For further validation, we plot one draw of the randomised quantile residuals in Figure 10a. Dunn and Smyth (1996) proposed this type of residual based on the result that evaluating the cumulative distribution function at all observed values of $y_{i,g,t}$ under the estimated parameters should yield uniformly distributed random variables. Transforming these uniform values by the quantile function of the standard normal gives the quantile residuals. To obtain continuous residuals, the values are randomised since the negative binomial distribution in Equation (4) has discrete support. On average, the empirical quantiles are close to the theoretical expectations and do not indicate problems regarding the statistical fit. At the right tail of the distribution, 38 (out of 24.060) observations exhibit higher deviations from the normal quantiles, which we coloured in red. The underlying counts are mainly credited to local outbreaks that could not be completely captured by the random effects, namely Coesfeld (Thuringia), Cuxhaven (Lower Saxony), Aichach‐Friedberg (Bavaria), Guetersloh and Warendorf (North Rhine‐Westphalia). Additionally, we assess the predictions of the final model through plotting the predicted infections against the observed infections, Figure 10b, and a rootogram proposed by Kleiber and Zeileis (2016), Figure 10c. Both visualisations confirm a strong fit of the presented model and proof that the model can sufficiently capture the observed counts of infected individuals. Due to the multiple imputation scheme specified in Sections 3.1 and 3.3, we carry the model assessment out for each imputation separately and report the averaged results.

FIGURE 10.

(a) QQ Plot of randomised quantile residuals, observations with a distance larger than 1 to the theoretically expected values are drawn in red. (b) Scatter plot of the observed and predicted infection count, for the x and y‐axis, we used a log(· + 1) scale. The dotted grey line is the best‐case scenario of the prediction and has intercept 0 and slope 1. (c) Rootogram comparing the observed and expected counts. The grey barplot specifies the observed counts, while the red line gives the expected values under Equation (4) [Colour figure can be viewed at wileyonlinelibrary.com]

5. CONCLUSION

In this writing, our contributions are twofold. First, we used state‐of‐the‐art regression models to quantify the importance of human mobility for understanding the spread of COVID‐19 on a local level accounting for their temporal dynamic, latent effects and other covariates. Concerning the relative importance, the Gini index of meeting probability attribution proved to be a primary driver of the infection rates. Second, we used methods from multivariate statistics to derive friendship coordinates for the federal districts in Germany. Consecutively, we coupled the result with a regression model via isotropic splines and, thereby, revealed a perpetual clustering of communities in former East‐ and West Germany that remains existent for COVID‐19 infections because the social geographical system proves to be an essential regressor in our application. Moreover, our findings enable an evaluation of the district‐wise policies undertaken between March and June 2020. The results corroborate the usefulness of interventions limiting trans‐district movements and concentrating meeting patterns. Especially during the last weeks of this study, local lockdowns could mitigate further national outbreaks.

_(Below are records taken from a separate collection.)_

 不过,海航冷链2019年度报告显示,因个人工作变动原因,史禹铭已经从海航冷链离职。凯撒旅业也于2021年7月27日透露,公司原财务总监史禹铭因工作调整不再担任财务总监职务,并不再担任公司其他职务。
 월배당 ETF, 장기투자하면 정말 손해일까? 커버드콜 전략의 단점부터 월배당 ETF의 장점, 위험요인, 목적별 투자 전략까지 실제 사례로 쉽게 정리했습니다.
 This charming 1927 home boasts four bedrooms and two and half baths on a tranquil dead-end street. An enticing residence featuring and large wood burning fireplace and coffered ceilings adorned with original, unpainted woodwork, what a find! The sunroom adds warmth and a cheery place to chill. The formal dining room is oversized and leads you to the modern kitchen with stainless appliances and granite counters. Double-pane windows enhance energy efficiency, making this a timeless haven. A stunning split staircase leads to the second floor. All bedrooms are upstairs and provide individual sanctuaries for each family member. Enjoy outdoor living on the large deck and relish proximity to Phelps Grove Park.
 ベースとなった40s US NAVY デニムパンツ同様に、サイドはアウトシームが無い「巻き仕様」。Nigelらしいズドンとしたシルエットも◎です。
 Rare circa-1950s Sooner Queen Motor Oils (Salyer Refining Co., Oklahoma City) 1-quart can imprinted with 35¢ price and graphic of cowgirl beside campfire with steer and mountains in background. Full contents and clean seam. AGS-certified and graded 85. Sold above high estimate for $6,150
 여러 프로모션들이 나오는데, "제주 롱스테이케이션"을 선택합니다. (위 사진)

Still, we need to address some limitations of our work, which require additional investigation. The data sources for the infection data include all individuals in Germany that tested positive on COVID‐19. During the peak phase in March, these tests were mainly carried out with patients who showed symptoms or had contact with an infected individual. Due to an unknown dark figure of infected persons missing in the public records (Lavezzo et al., 2020), the observed data are a proxy for the current epidemiological situation. To control for this possible bias, further research on the prevalence of COVID‐19 in Germany and the representability of the official statistics of the real infection occurrence akin to the REACT Study in England (Riley et al., 2021) would be necessary.

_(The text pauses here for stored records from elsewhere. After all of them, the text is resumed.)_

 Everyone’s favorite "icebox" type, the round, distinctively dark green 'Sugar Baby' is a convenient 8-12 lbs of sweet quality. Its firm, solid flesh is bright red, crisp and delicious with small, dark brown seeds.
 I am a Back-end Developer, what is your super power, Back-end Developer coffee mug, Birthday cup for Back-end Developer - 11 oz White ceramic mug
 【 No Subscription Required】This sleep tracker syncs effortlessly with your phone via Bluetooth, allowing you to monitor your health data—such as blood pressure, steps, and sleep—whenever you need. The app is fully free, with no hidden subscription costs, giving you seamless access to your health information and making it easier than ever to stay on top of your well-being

Even with these caveats, the combination of infection, mobility and connectivity data can serve for a fruitful application of other methods as well. Contrasting our approach, one may tackle the regression task in Section 3 by incorporating the spatial dependencies directly in the correlation structure, as is done in the literature on spatial econometric models (LeSage & Pace, 2009). We could also employ novel clustering algorithms that naturally exploit different proximity dimensions, such as the geographical and social space, to identify similar districts while taking into account spatial dependencies (D’Urso & Vitale, 2020; D’Urso et al., 2019). Furthermore, the research questions posed in this article would greatly benefit from an examination through the lens of analytical sociology (Hedström & Bearman, 2011). Nevertheless, this type of analysis usually necessitates individual‐level data, which are not readily available. Therefore, we can only verify some of the theoretical results of Block et al. (2020) on the macro scale, which does not necessarily translate to the micro scale (Stadtfeld, 2018). Therefore, additional empirical work on the implications of individual behaviour on the spread of COVID‐19 is still needed. Nevertheless, our work can give valuable pointers in that regard contingent on the assumption that the corresponding district average adequately represents the mobility patterns of an individual.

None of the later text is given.